What you should do –
The answer should hold only the lines from the beginning of the material through the one with "Title page of", reproduced exactly and without pictures.

Listed records –

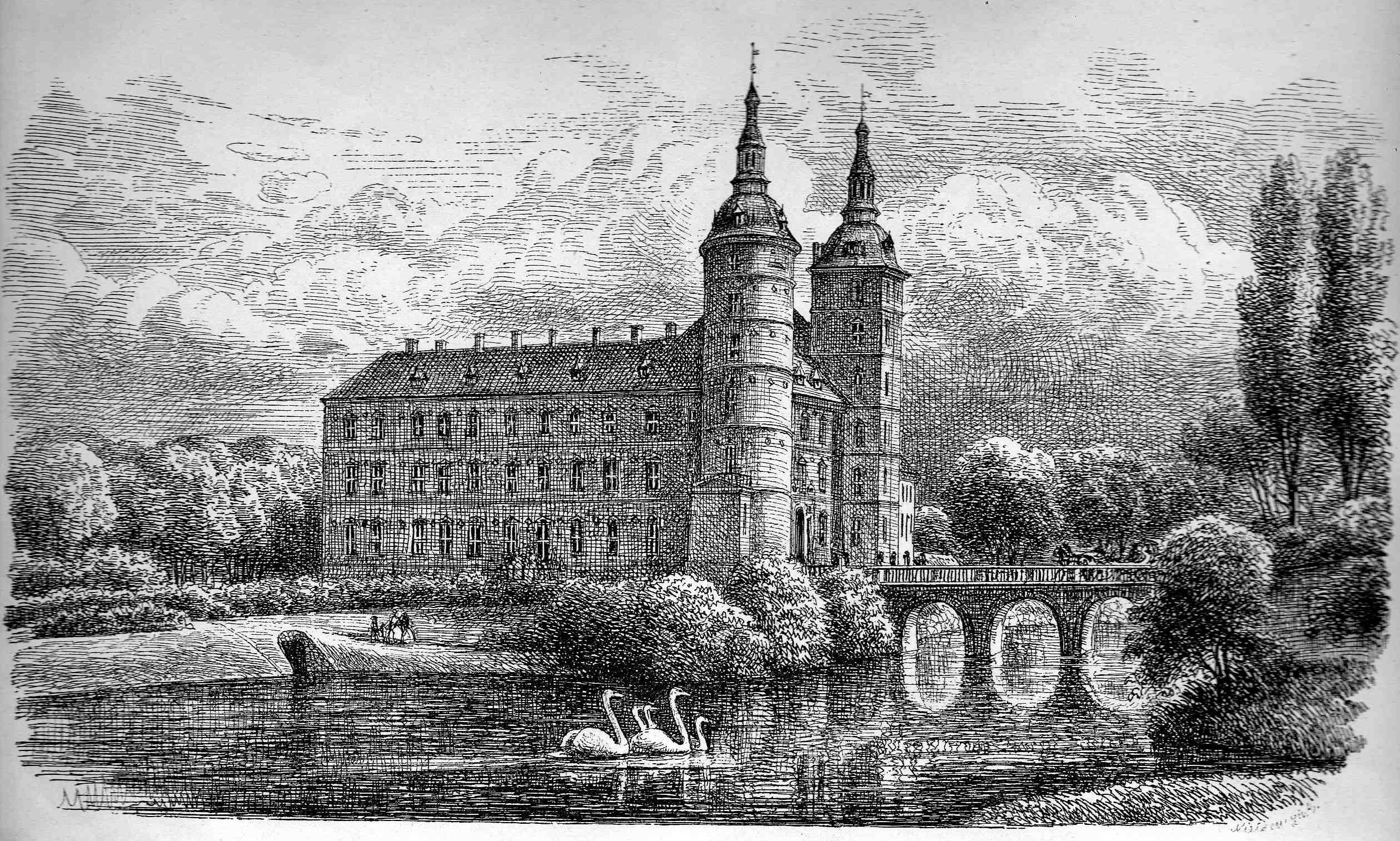 Scanned by myself from the old book in 2007. The book was graciously lent to me by Det Kongelige Garnisonsbibliotek.
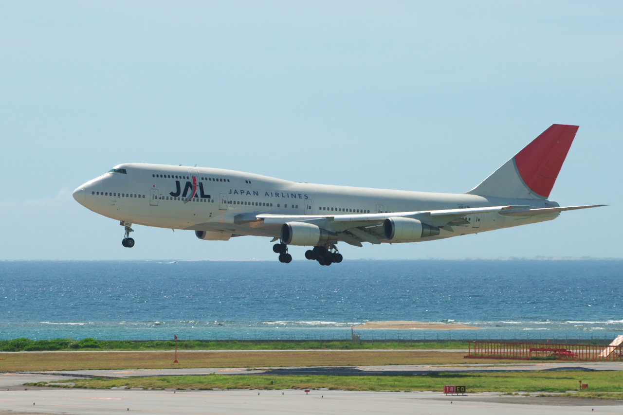 JAL B747-446D (JA8903) Naha airport (OKA/ROAH),Japan runway 18 from observation deck ?????2????????????????????????????????????
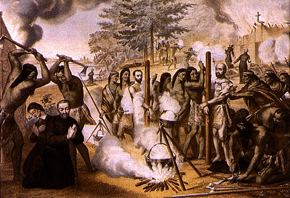 Canadian martyrs 1649
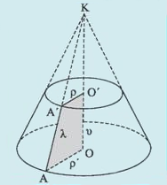 Mathematical formula
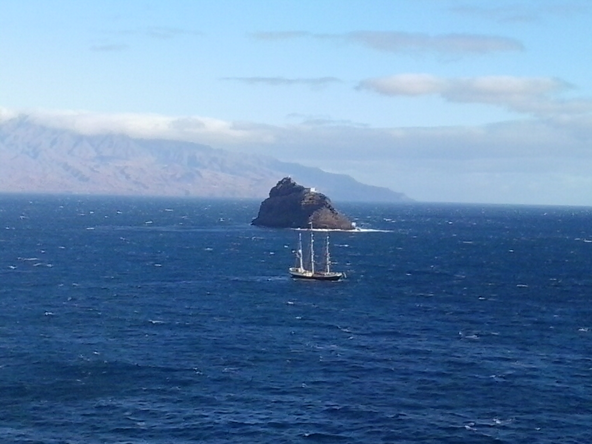 Landscape view of Ilheu dos Passaros, Cape Verde
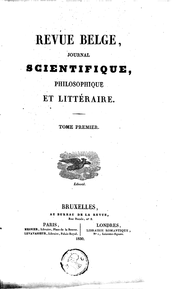 Title page of the Belgian Revue belge: journal scientifique, philosophique et littéraire vol 1 1830
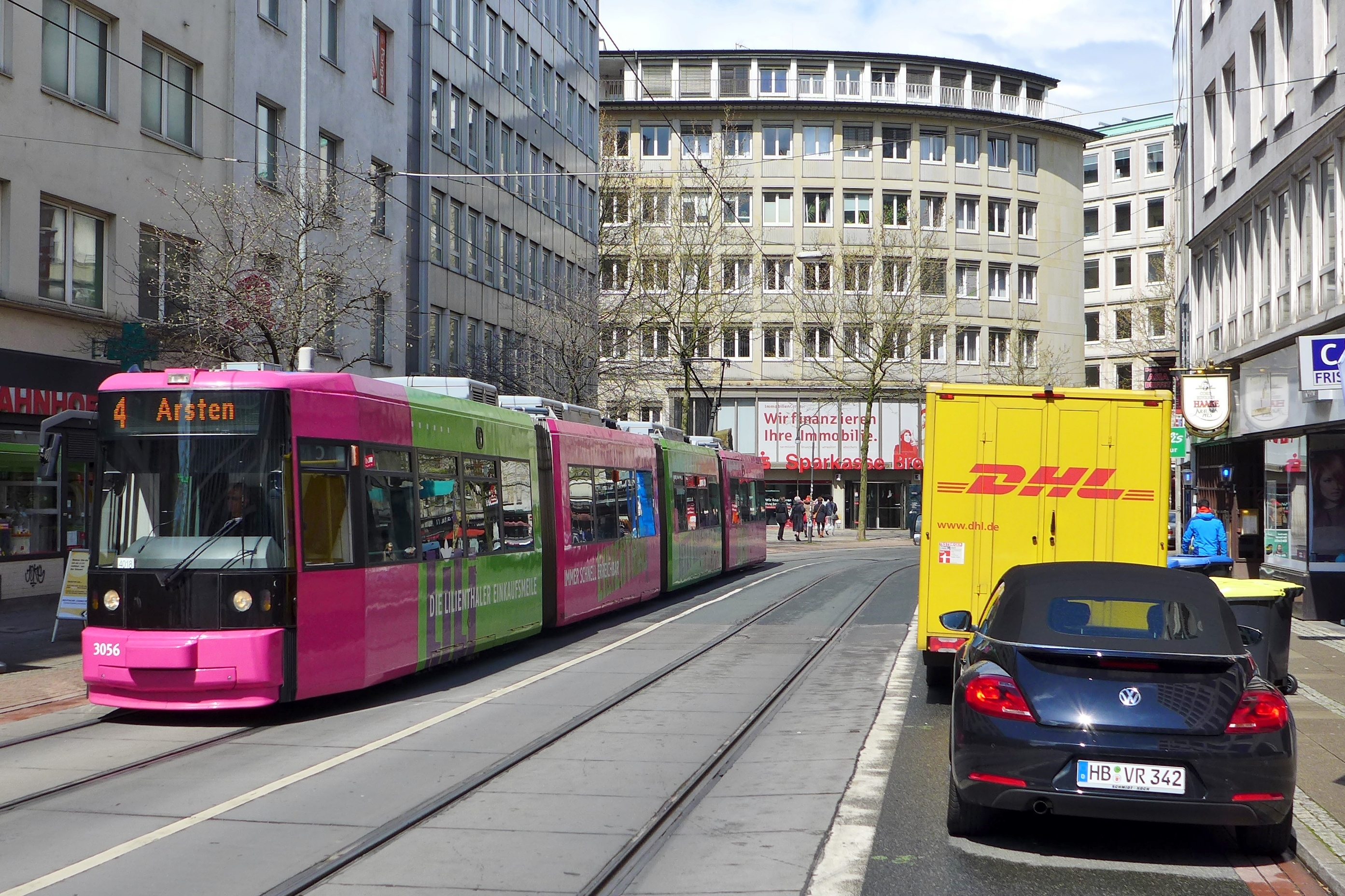 Bremer Straßenbahn AG (BSAG) tram no. 3056 operating an Arsten-bound line 4 service along Bahnhofstraße, Bremen, Germany.
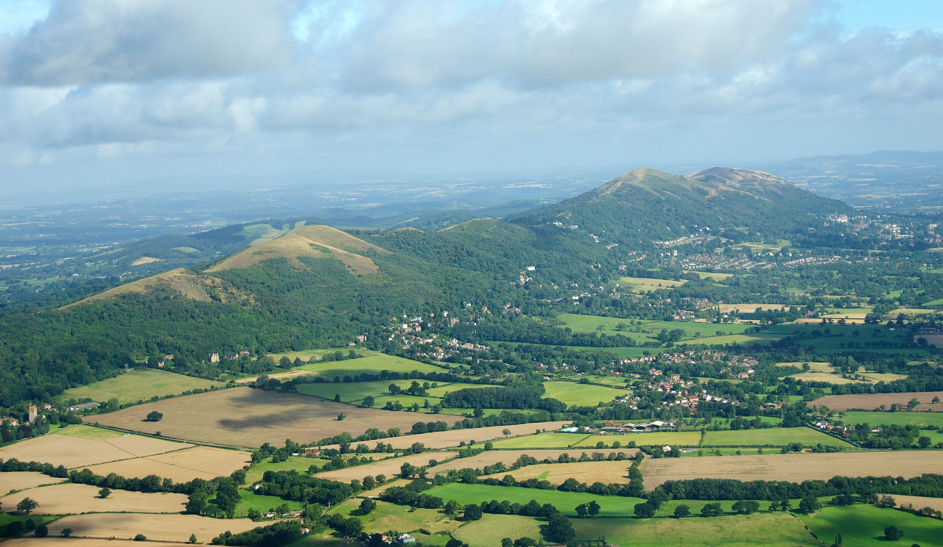 The Malvern Hills located in the English counties of Worcestershire and Herefordshire. The hills have been designated by the Countryside Agency as an Area of Outstanding Natural Beauty. The highest point is the Worcestershire Beacon at 425 metres (1,394 ft) above sea level. The range is a natural border between Worcestershire and Herefordshire.
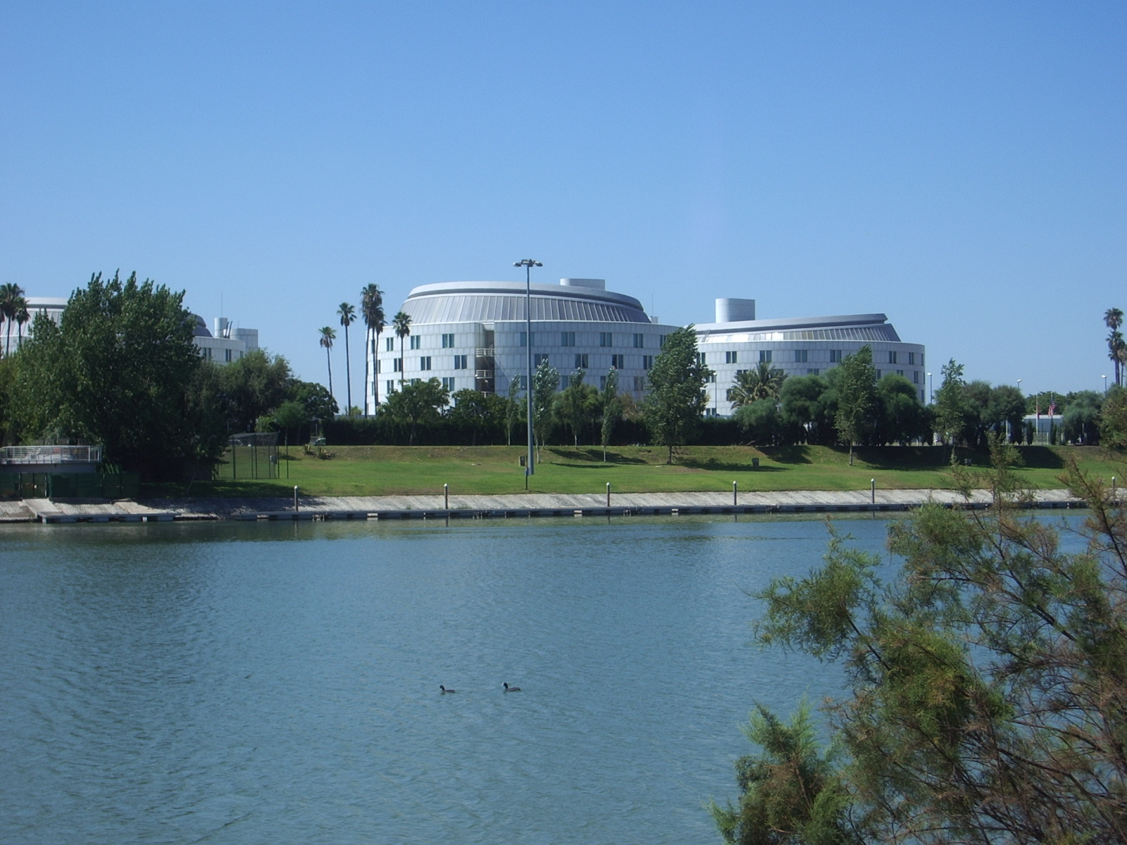 'Barceló Gran Hotel Renacimiento' (***** Hotel in Seville, Spain).
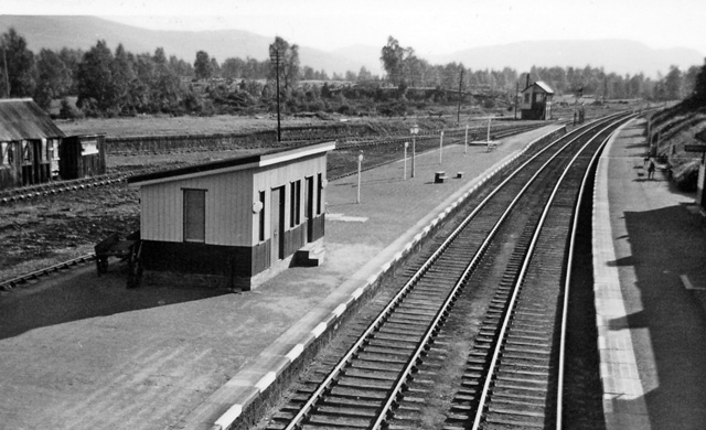 Boat of Garten Station. View southward, towards Aviemore; ex-HR Aviemore - Forres - (Inverness) main line, junction (on left) of ex-GNS branch from Craigellachie, on which passenger service ceased 18/10/65, goods 4/11/68.
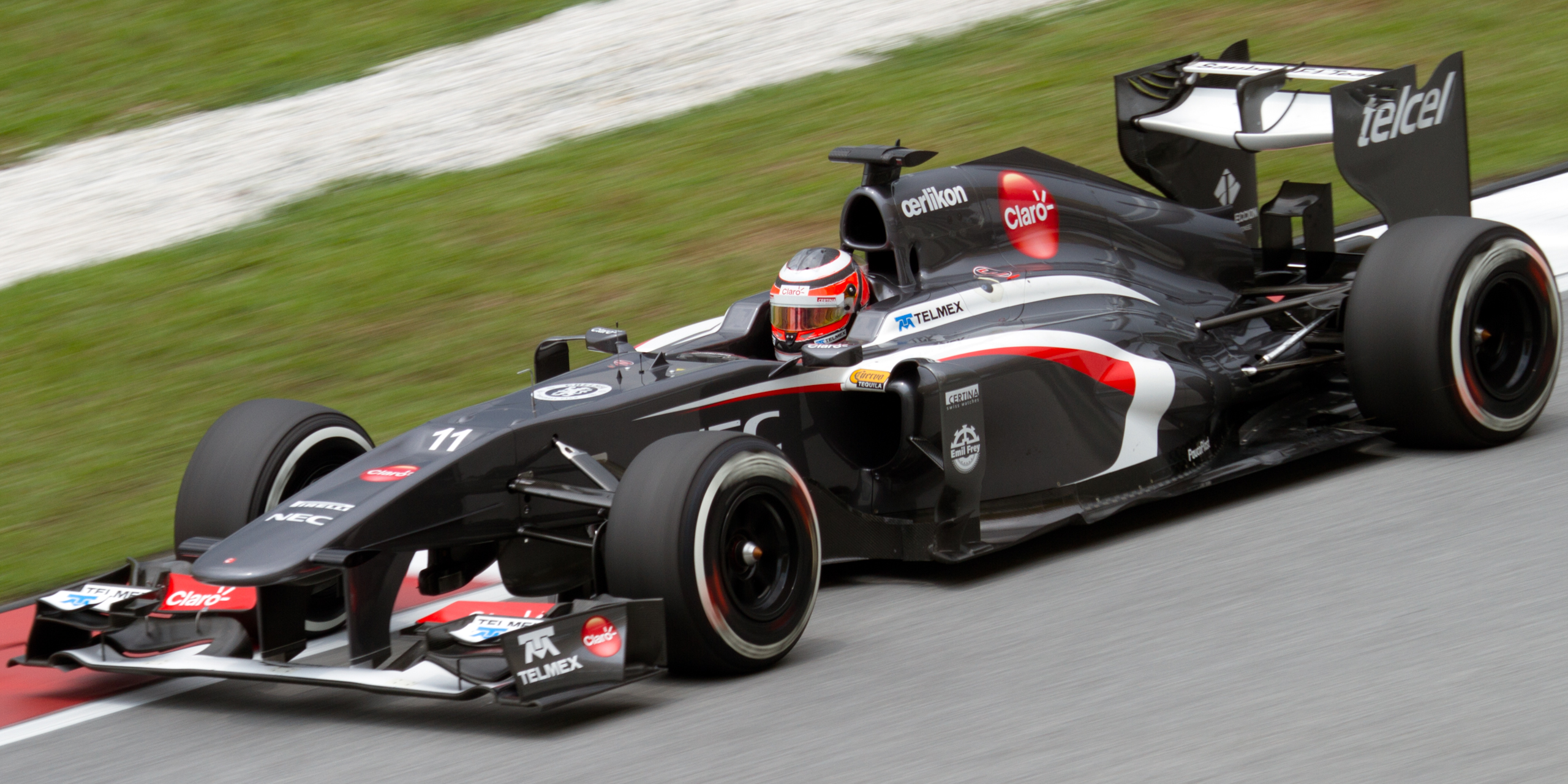 Formula One 2013 Rd.2 Malaysian GP: Nico Hülkenberg (Sauber) during the second practice session on Friday.

Answer space –
 Scanned by myself from the old book in 2007. The book was graciously lent to me by Det Kongelige Garnisonsbibliotek.
 JAL B747-446D (JA8903) Naha airport (OKA/ROAH),Japan runway 18 from observation deck ?????2????????????????????????????????????
 Canadian martyrs 1649
 Mathematical formula
 Landscape view of Ilheu dos Passaros, Cape Verde
 Title page of the Belgian Revue belge: journal scientifique, philosophique et littéraire vol 1 1830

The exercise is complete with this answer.